The src/headless/index.ts module is where the bot detection happens. It checks for Chromium-specific signals that headless environments can't fake cleanly: whether ActiveText renders as rgb(255, 0, 0) (a known headless default), whether the permissions API returns a contradictory state, whether there's a taskbar (comparing screen.height to screen.availHeight). These are the kind of checks that catch automation frameworks even when they spoof the user agent.

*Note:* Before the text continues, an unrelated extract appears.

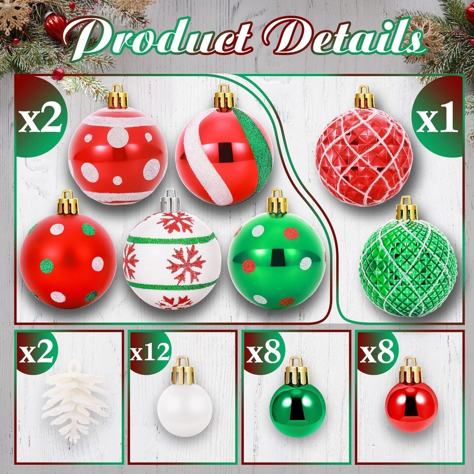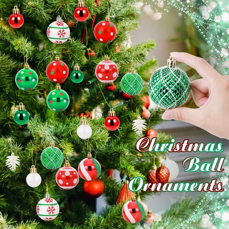 Christmas Ball: this Xmas tree ornaments set is made of quality plastic material, which is sturdy and safe to use, compared with traditional glass products, it is in nice performance, don't worry about the shards causing harm to children, the elderly and pets

Hashing uses two strategies. Quick hashes use hashMini — a custom FNV-derived function that JSON-stringifies any value and runs it through a 32-bit multiply-and-XOR chain. Async hashes use SubtleCrypto.digest('SHA-256') for the full fingerprint. The final botHash and fuzzyHash are composites built from subset signals, so you get both a stable identity and a distance metric for grouping similar browsers.

Using it

It's a browser demo, not a library. Clone it, run pnpm install && pnpm build:dev, and open the output in a browser. To inspect the fingerprint objects directly:

// Available on window after the page runs
window.Fingerprint  // full signal data per collector
window.Creep        // final merged hash and lies summary

If you want to poke at lie detection specifically, open DevTools on the live demo and inspect window.Creep.lies — it shows each API that was caught lying, with the specific failure mode.

Rough edges

The project is a demo, not an SDK. There's no public API, no npm package, no way to embed it in your own page without forking. The src/ modules export typed functions but they're tightly coupled to the full fingerprint pipeline — pulling out just the lie detector would require significant work.

Documentation is sparse beyond the README and the live demo output. The code is well-structured but the detection logic is dense; some checks have no comments explaining why a specific condition maps to a lie.

There are no tests. For a project that's specifically about correctness — detecting when a browser is returning wrong values — the absence of a test suite is noticeable. The maintainer has been active through early 2026, so it's not abandoned, but test coverage remains zero.

The trademark policy in the README is unusually strict for an MIT-licensed project: you can fork the code but cannot use the name "CreepJS" publicly. Worth reading before you host a variant.

Bottom line

If you're building privacy tooling, researching fingerprinting defenses, or evaluating how well hardened browsers hold up — run your browser against the live demo. If you want to understand how lie detection works at the API level, src/lies/index.ts is the most thorough implementation I've seen in a public codebase.